• [Exercise objective]: The material below has pictures in it. Set down only the lines from the line containing "Large Teardrop Deep" through the line containing "从表4中可以看出,在两种算法", word for word, and leave the pictures behind.

• [Stored data]:
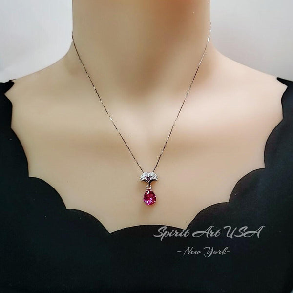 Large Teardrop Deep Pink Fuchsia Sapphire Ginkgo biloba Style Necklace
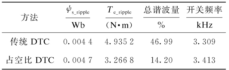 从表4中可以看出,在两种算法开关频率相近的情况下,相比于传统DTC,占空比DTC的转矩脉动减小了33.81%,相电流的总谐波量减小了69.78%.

--

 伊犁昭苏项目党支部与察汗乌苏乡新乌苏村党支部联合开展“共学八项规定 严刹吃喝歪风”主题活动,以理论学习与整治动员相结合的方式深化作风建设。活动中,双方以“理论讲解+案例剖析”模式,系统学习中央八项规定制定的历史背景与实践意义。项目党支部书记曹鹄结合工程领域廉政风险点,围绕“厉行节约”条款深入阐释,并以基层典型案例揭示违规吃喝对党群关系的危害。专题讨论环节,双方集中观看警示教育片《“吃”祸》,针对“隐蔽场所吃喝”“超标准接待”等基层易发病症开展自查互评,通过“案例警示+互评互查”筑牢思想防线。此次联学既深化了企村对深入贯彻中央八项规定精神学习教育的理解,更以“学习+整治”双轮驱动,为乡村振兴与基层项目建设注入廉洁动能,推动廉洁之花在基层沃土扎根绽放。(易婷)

==

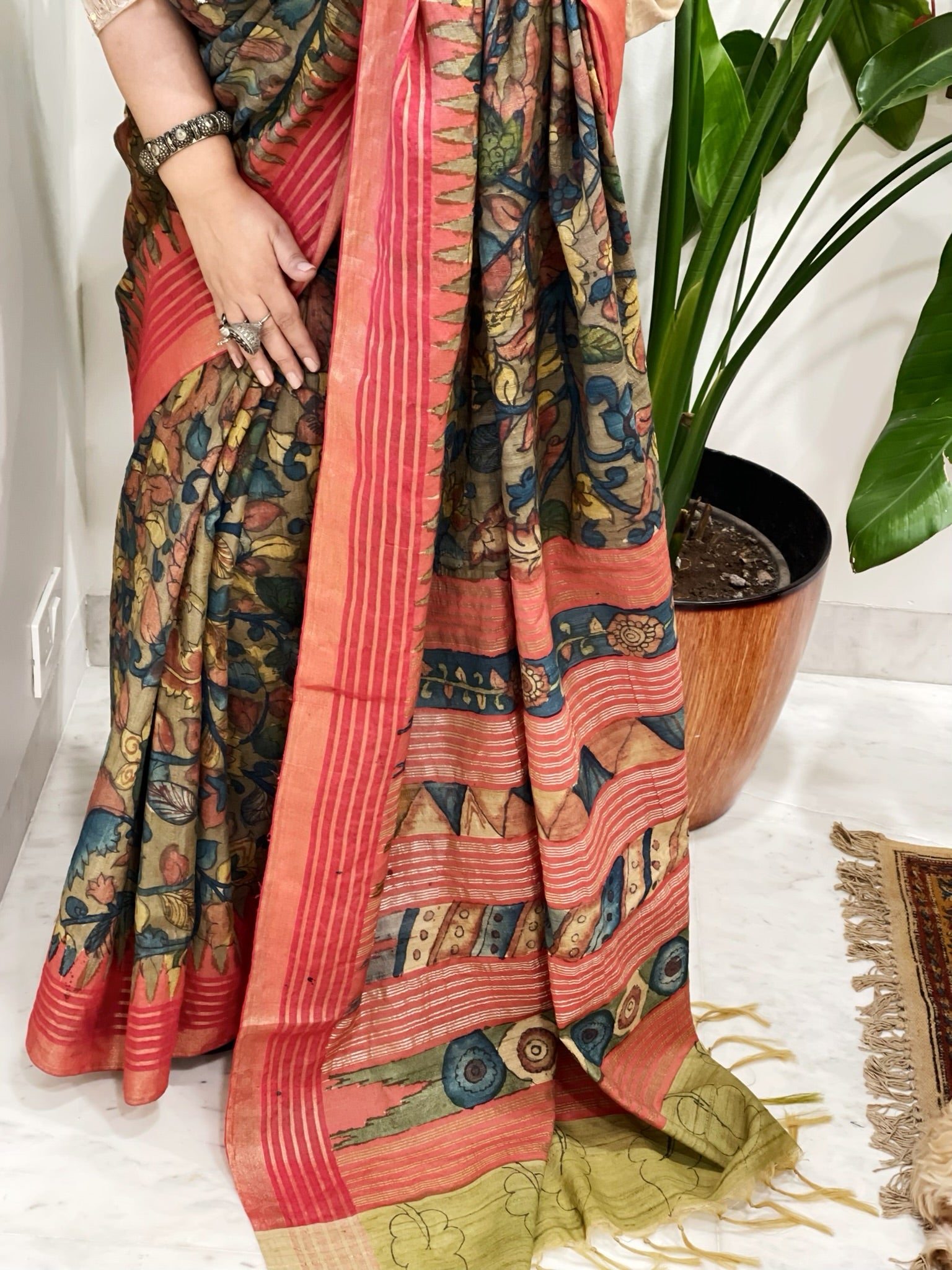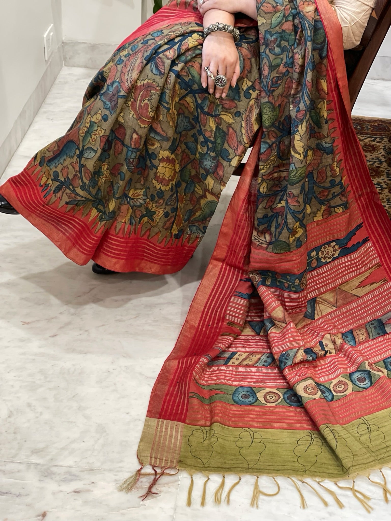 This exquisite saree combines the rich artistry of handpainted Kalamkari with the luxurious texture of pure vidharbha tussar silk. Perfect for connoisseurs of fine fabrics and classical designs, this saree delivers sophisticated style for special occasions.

• [Answer space]:
 Large Teardrop Deep Pink Fuchsia Sapphire Ginkgo biloba Style Necklace
 从表4中可以看出,在两种算法开关频率相近的情况下,相比于传统DTC,占空比DTC的转矩脉动减小了33.81%,相电流的总谐波量减小了69.78%.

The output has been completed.